In August 2021 I joined the InvenioRDM project to help develop and host a modern repository platform for scholarly content. Things didn't exactly go as planned at the beginning of 2022, and I spent five months in the hospital with serious personal health issues. Since returning home in early June, my health has improved considerably, and in September I was able to slowly start working again. This has worked well for me, so it is time to time to set goals for my work on the InvenioRDM project again.
Announcing the Front Matter Archive
Front Matter will be launching a repository to host the full-text content of scholarly blogs in the first quarter of 2023.
The starting point will be the over 450 blog posts that I have published over the last 15 years, but the archive is of course open to content from all scholarly blogs. The goal is to both offer a useful resource for the scholarly community and to learn something about hosting InvenioRDM. An archive of scholarly blog posts is a good starting point, as blogs tend to change technology or location every few years, and older content then often becomes unavailable. Issuing DOIs for blog posts is part of the solution (e.g. this makes citing the blog posts much easier), but a stable long-term archive of the content is equally important. A challenge that scholarly blog posts share with many other often ephemeral scholarly resources, e.g. data and software.
Setting up the InvenioRDM Software
The InvenioRDM open-source software has seen a lot of work in the last several years and is currently at version 9.1. Several project partners are working on releasing a production version within the next twelve months, and the Caltech Library was the first to do so last week. Repository software is a complex piece of infrastructure, and a lot of work is expected for the proper configuration of the Front Matter Archive, including customization of the theme, authentication, etc.
Running the Front Matter Archive in a Kubernetes Cluster
Kubernetes in the last few years has become the de facto standard for deploying containerized applications such as InvenioRDM. Unfortunately running a Kubernetes cluster is not easy, but it will make things easier eventually (e.g. monitoring, scaling, and security), and it can be set up in a variety of environments from private clouds to public cloud providers. Front Matter will be using a managed Kubernetes cluster provided by Digitalocean and provisioned by the infrastructure as code open source software tool Terraform. Kubernetes will not host everything.
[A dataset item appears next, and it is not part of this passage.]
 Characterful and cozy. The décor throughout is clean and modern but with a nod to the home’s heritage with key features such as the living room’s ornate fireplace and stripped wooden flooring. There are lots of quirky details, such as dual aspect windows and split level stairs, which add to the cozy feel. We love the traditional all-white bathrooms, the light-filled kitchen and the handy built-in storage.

At least in the initial version Front Matter will use hosted databases and hosted cloud object storage to store files and metadata, as Kubernetes (and containers) excel when running stateless applications, but more work is needed for stateful applications.
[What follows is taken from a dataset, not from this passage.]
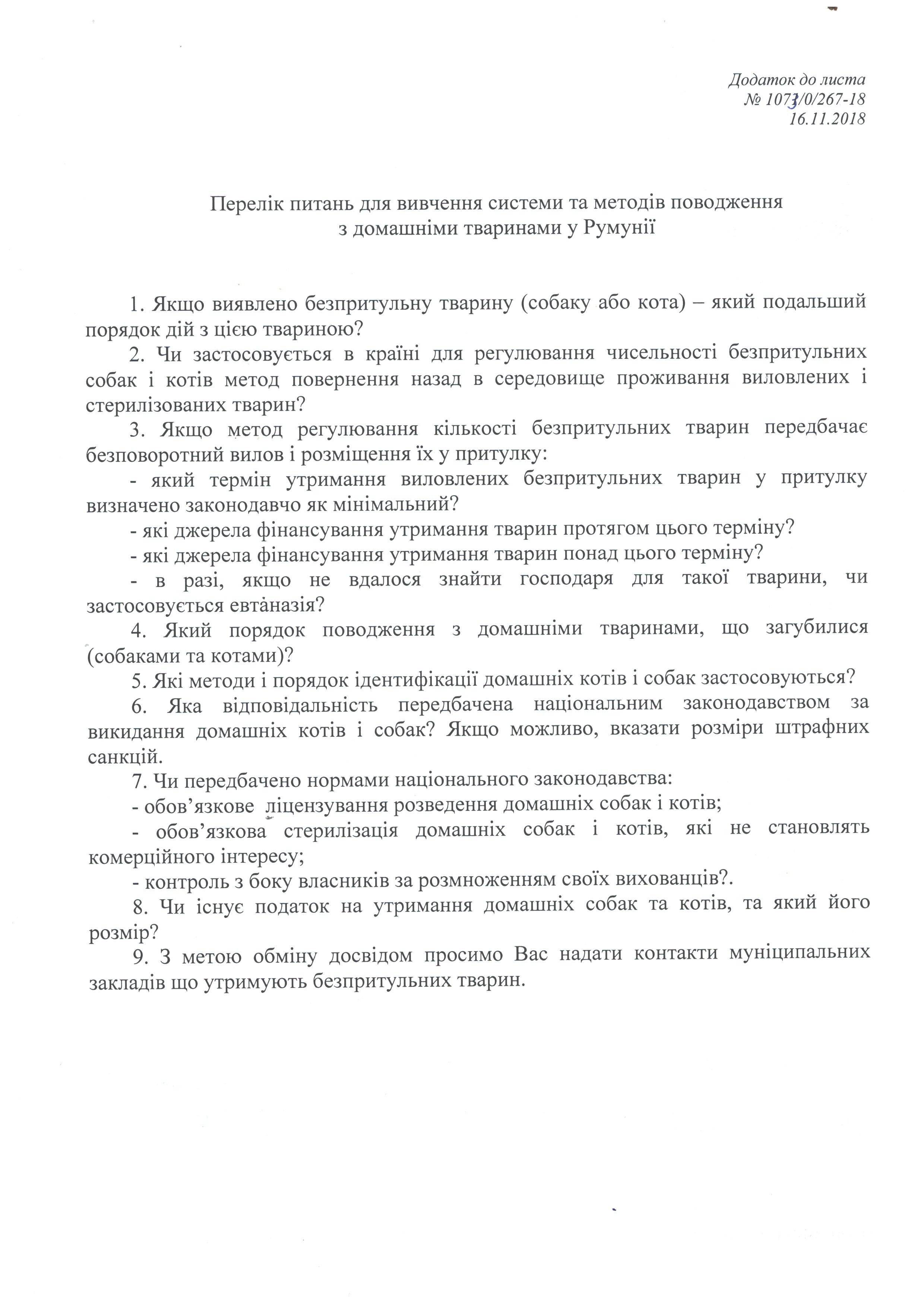 КП "Центр обращения с животными" на свой запрос получило ответ центрального компетентного органа по вопросам защиты животных в Румынии - Национального органа санитарной ветеринарии и безопасности пищевых продуктов в Румынии (N .SVFSA).

Archiving full-text Blog Content
Front Matter will aim to archive blog posts via available APIs (as can be done with the Front Matter Blog), but we will have to take a flexible approach as full-text content will be provided in a variety of formats, e.g. RSS feeds. The initial focus will be on the Ghost and Wordpress blogging platforms. We will help with issuing DOIs for this content and help to archive associated images. We are only interested in content with an open license (CC-BY or CCO) to maximize the potential reuse of the blog archive.
Future of the Archive
After the initial setup of the blog archive, the focus will be on expanding content and on providing added value. Please reach out via email, Discord, or comments if you have scholarly blog content you want to be archived by Front Matter, or have suggestions for added functionality. One feature I want to see improved in InvenioRDM is better support for full-text HTML in addition to embedding PDF and other formats. In the coming months, I will also work on the cost model. There is a moderate cost to archive a blog post (mostly for ingesting content), but these costs would add up if blog posts are added by the thousands.